Abseits der großen Auffanglager für die Vertriebenen bereiten sich ganze Klassen von Kosovo-Albanern auf eine endgültige Auswanderung vor. Gegen einen „Unkostenbeitrag“ schleusen Menschenschmuggler die Flüchtenden hinter den Posten über die Grenze  ■ Aus Südalbanien Werner Raith

Muravi Esic gehört zu den ausgewiesenen Menschenfreunden, und das sagt er einem auch gern und oft: Kurden, Afghanen, Somalier – „denen geht's ja noch gold gegen diese armen Schweine hier“. Er zeigt auf die Hunderten von Menschen, die teilweise eng aneinandergedrückt am Ufer des Vijose- Flusses hocken und die Morgenkälte zu überstehen suchen. „Alles Kosovaren“, versichert er, „und nur die befördere ich weiter. Alle anderen können warten.“

Die „anderen“ warten, so ist von einem der Mitarbeiter Muravis zu erfahren, irgendwo ganz, ganz im Süden Albaniens, bei Kakkabia an der Grenze Griechenlands, manche seit zwei Monaten. So ganz weit entfernt ist das zwar nicht von hier, auf dem Weg von Kelcyre nach Erseke, den wir, im unbeleuchteten Jeep mit Startpunkt südlich von Vlore, im Schutz der Nacht erreicht haben. Aber Muravi und seine Leute haben sich mindestens genausogut wie die Behörden Italiens oder Deutschlands auf den abzusehenden Ansturm der Kosovaren vorbereitet.
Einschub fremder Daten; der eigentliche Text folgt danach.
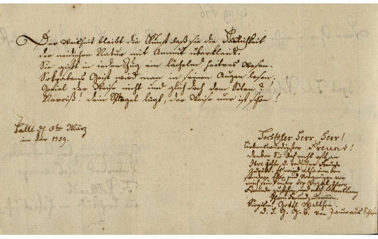| Kiegészítő szöveg: | Hochedler Herr, Herr! liebenswürdigster Freund! Denken Sie doch recht oft an Ihre ächte u/nd/ redlichen Freund zurüke. Es wird also eine besondere Ehre und Vergnügen vor mich sein unter der Vnzal Ihrer Freunde zu stehen, und mich lebenslang Ihren Freund zu nen/n/en |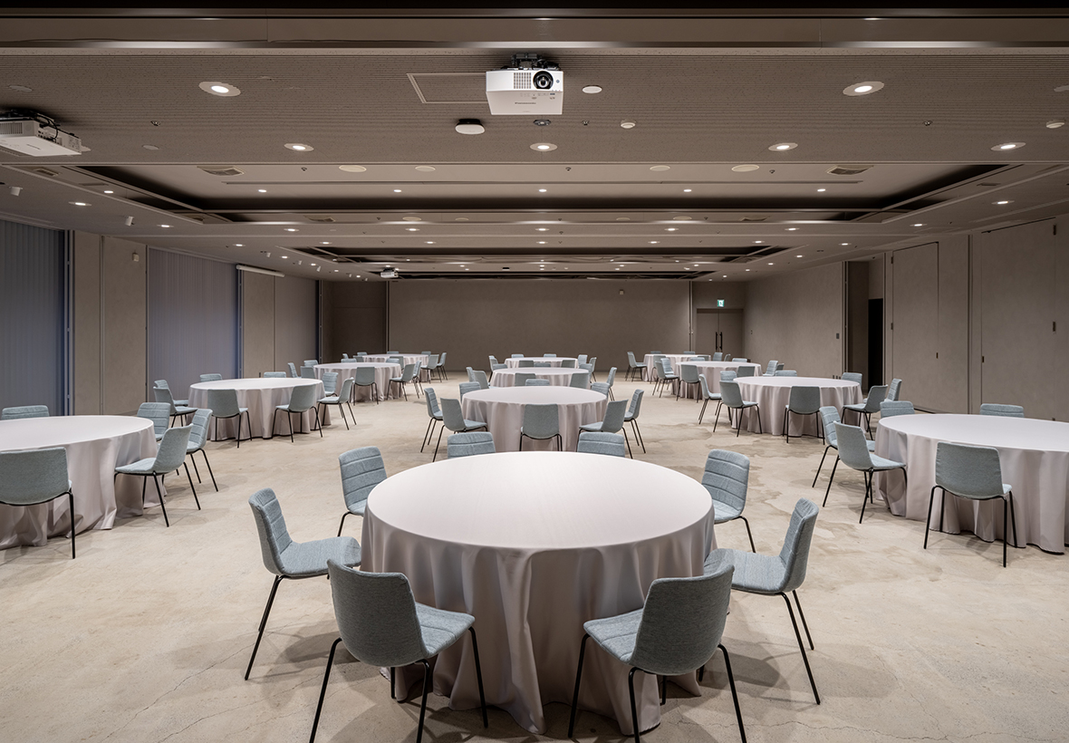 ホテルの全面改修にあたり、外壁の補修をはじめ、客室を含む全フロアの内装解体や大部分の設備を更新したほか、2階部分の大宴会場・会議室・ロビー・トイレの内装工事を淺沼組が担当した。建設発生土を再資源化した材料を用いた「ソイル左官」などが採用され、素材の選定と施工方法の工夫を通じて環境負荷の低減を図っている。

Muravi wird „diese geschundenen Menschen hier“ so schnell wie möglich „expatriieren“. Weiß der Himmel, wo er das vornehme Wort aufgeschnappt hat, das er nun eifrig seiner geschäftlichen Tätigkeit aufklebt, die in etwas rüderem Ton auch Menschenhandel heißt. Er betreibt eine der florierenden Schleuser-„Firmen“, hat immer noch ein gutes Dutzend Schlauchboote zum Übersetzen nach italien zur Verfügung (und bringt auf dem Rückweg mal Journalisten, mal Schmuggler, auch Albaner wieder in ihr Land, weil sie Heimweh bekommen haben oder etwas erledigen müssen).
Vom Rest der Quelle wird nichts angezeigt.